### [Exercise prompt]
What you return must be the full data, repeated verbatim, with no pictures in it.

### [Data shown]
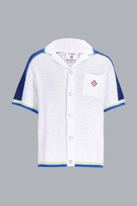 Het gehaakte overhemd is een verfijnd ontwerp, vervaardigd met een open weefstructuur en voorzien van strepen op de schouders en mouwen. Het is afgewerkt met een Cubaanse kraag, knoopsluiting, de kenmerkende parelknopen met gouden rand van het huis, geribde manchetten, zoom en kraag met gestreepte rand, en een borstzak.
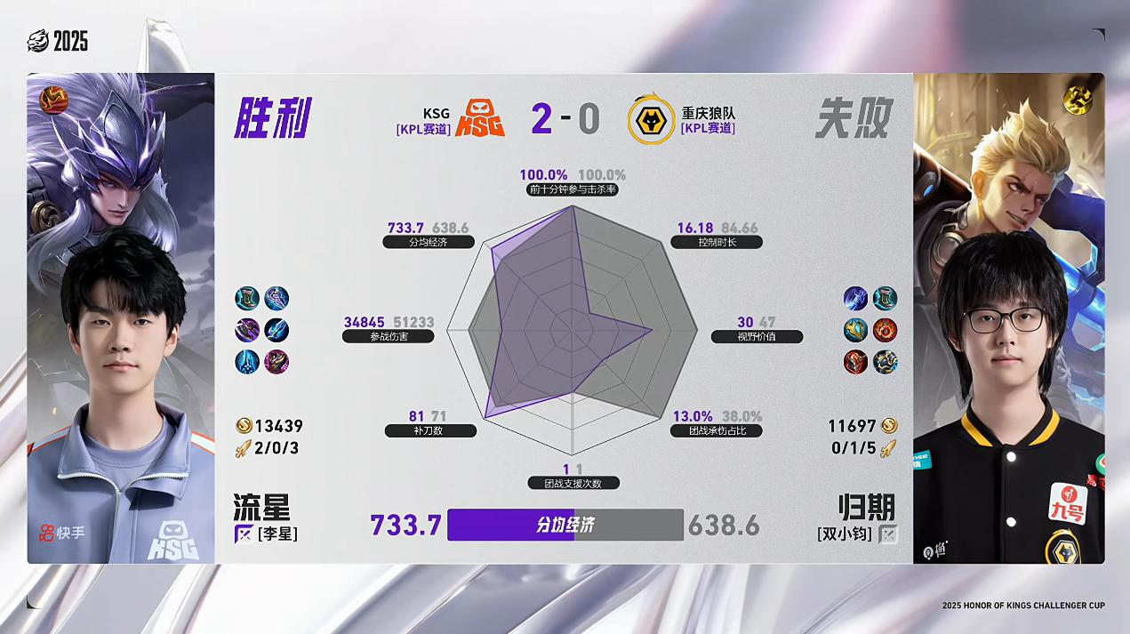 KSG/狼队第2局数据对比:归期狂铁几乎包围流星马超
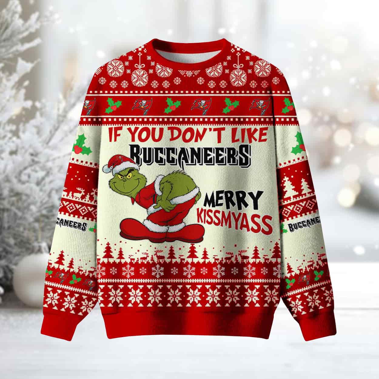 Grnch If You Don’t Like Buccaneers Merry Kissyass Ugly Christmas Sweater
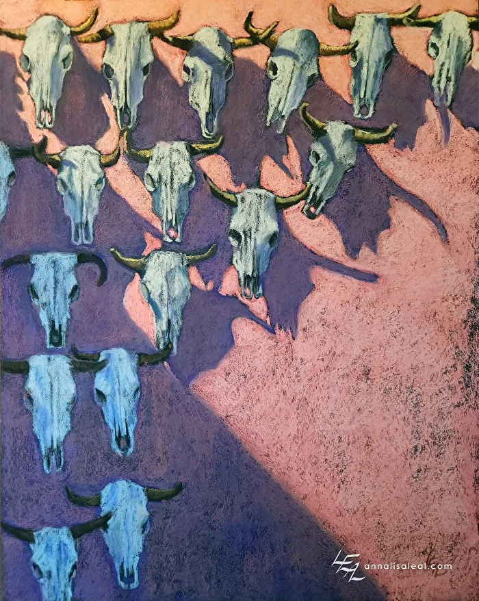 Texas pastel artist, Anna Lisa Leal, honors the fierce beauty of the botanical wonders, wildlife and found objects of Texas, and the Chihuahuan and Sonoran deserts. The textures and tenacity of life in these harsh areas inspire raw, radiant stories painted from her heart to represent the spirit of the American Southwest.
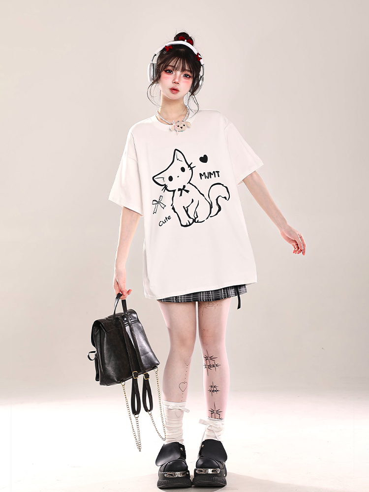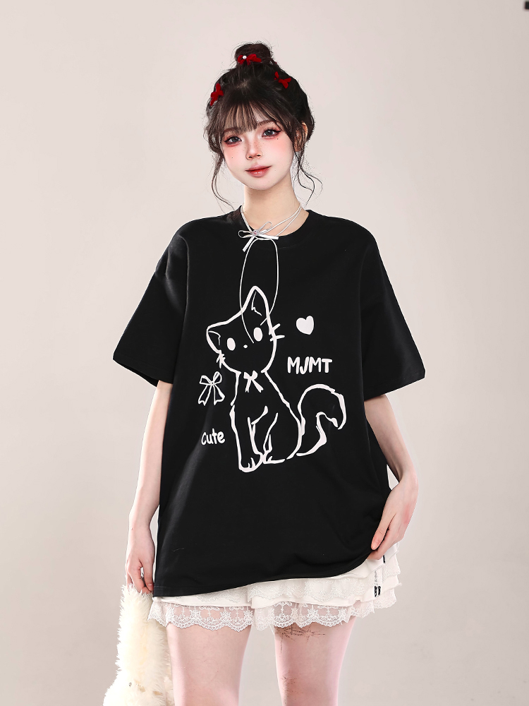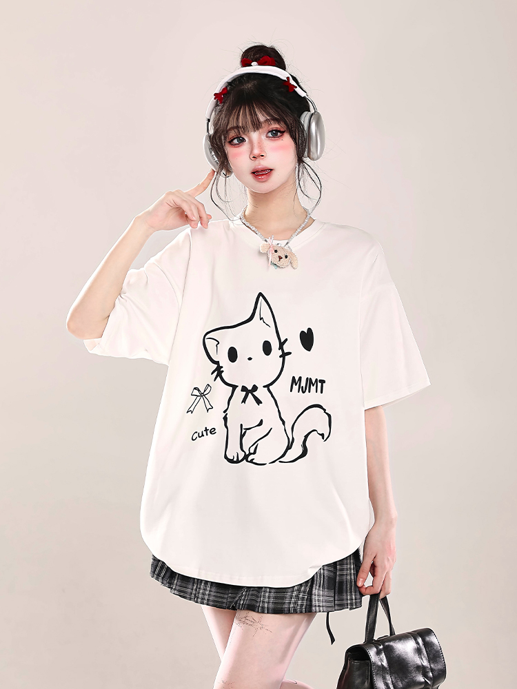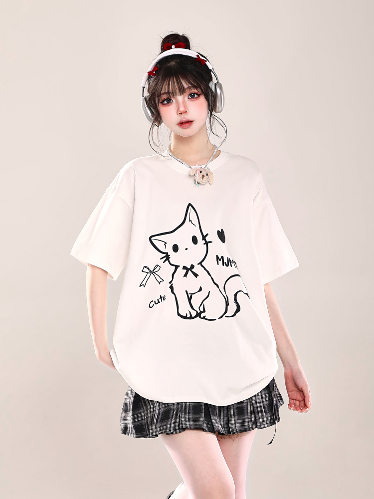 Step into summer with our 2025 Summer Women’s Cartoon Cat Print Round Neck Short Sleeve T-Shirt! This casual loose tee features an adorable cartoon cat design that captures the playful spirit of Y2K style. With its comfortable fit and trendy aesthetic, it’s perfect for any laid-back outing or a fun day out with friends. Made from soft, breathable fabric, this t-shirt ensures you stay cool and stylish all season long. Don’t miss out on this must-have addition to your wardrobe add to your cart today!
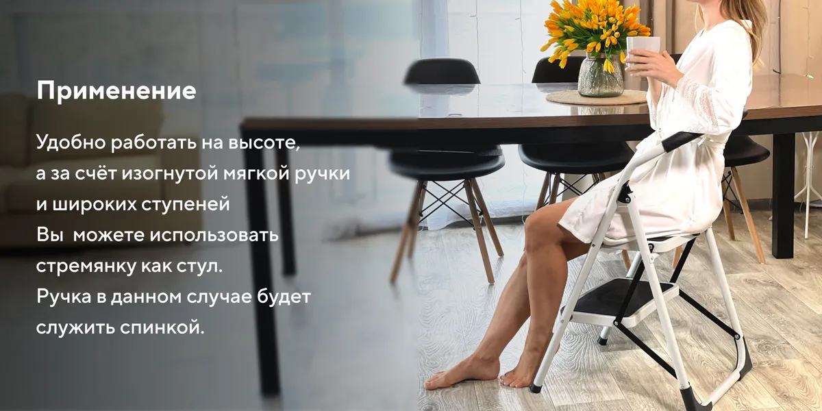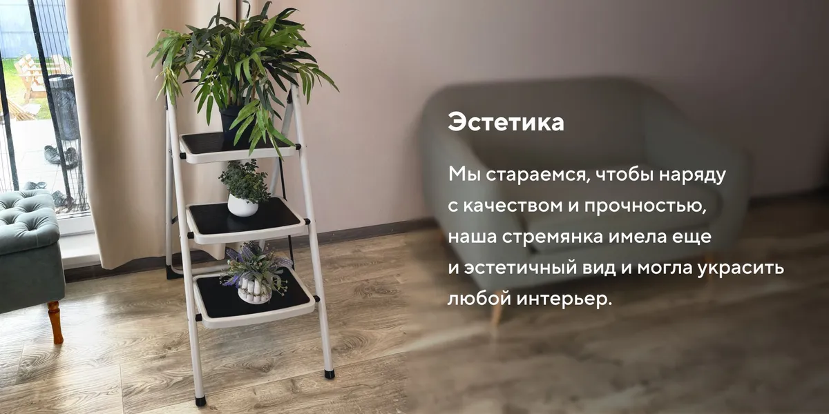 Помимо всех указанных технических положительных характеристик и преимуществ стоит отметить, что наша стремянка является очень стильным и изысканным предметом интерьера.

### [Answer box]
 Het gehaakte overhemd is een verfijnd ontwerp, vervaardigd met een open weefstructuur en voorzien van strepen op de schouders en mouwen. Het is afgewerkt met een Cubaanse kraag, knoopsluiting, de kenmerkende parelknopen met gouden rand van het huis, geribde manchetten, zoom en kraag met gestreepte rand, en een borstzak.
 KSG/狼队第2局数据对比:归期狂铁几乎包围流星马超
 Grnch If You Don’t Like Buccaneers Merry Kissyass Ugly Christmas Sweater
 Texas pastel artist, Anna Lisa Leal, honors the fierce beauty of the botanical wonders, wildlife and found objects of Texas, and the Chihuahuan and Sonoran deserts. The textures and tenacity of life in these harsh areas inspire raw, radiant stories painted from her heart to represent the spirit of the American Southwest.
 Step into summer with our 2025 Summer Women’s Cartoon Cat Print Round Neck Short Sleeve T-Shirt! This casual loose tee features an adorable cartoon cat design that captures the playful spirit of Y2K style. With its comfortable fit and trendy aesthetic, it’s perfect for any laid-back outing or a fun day out with friends. Made from soft, breathable fabric, this t-shirt ensures you stay cool and stylish all season long. Don’t miss out on this must-have addition to your wardrobe add to your cart today!
 Помимо всех указанных технических положительных характеристик и преимуществ стоит отметить, что наша стремянка является очень стильным и изысканным предметом интерьера.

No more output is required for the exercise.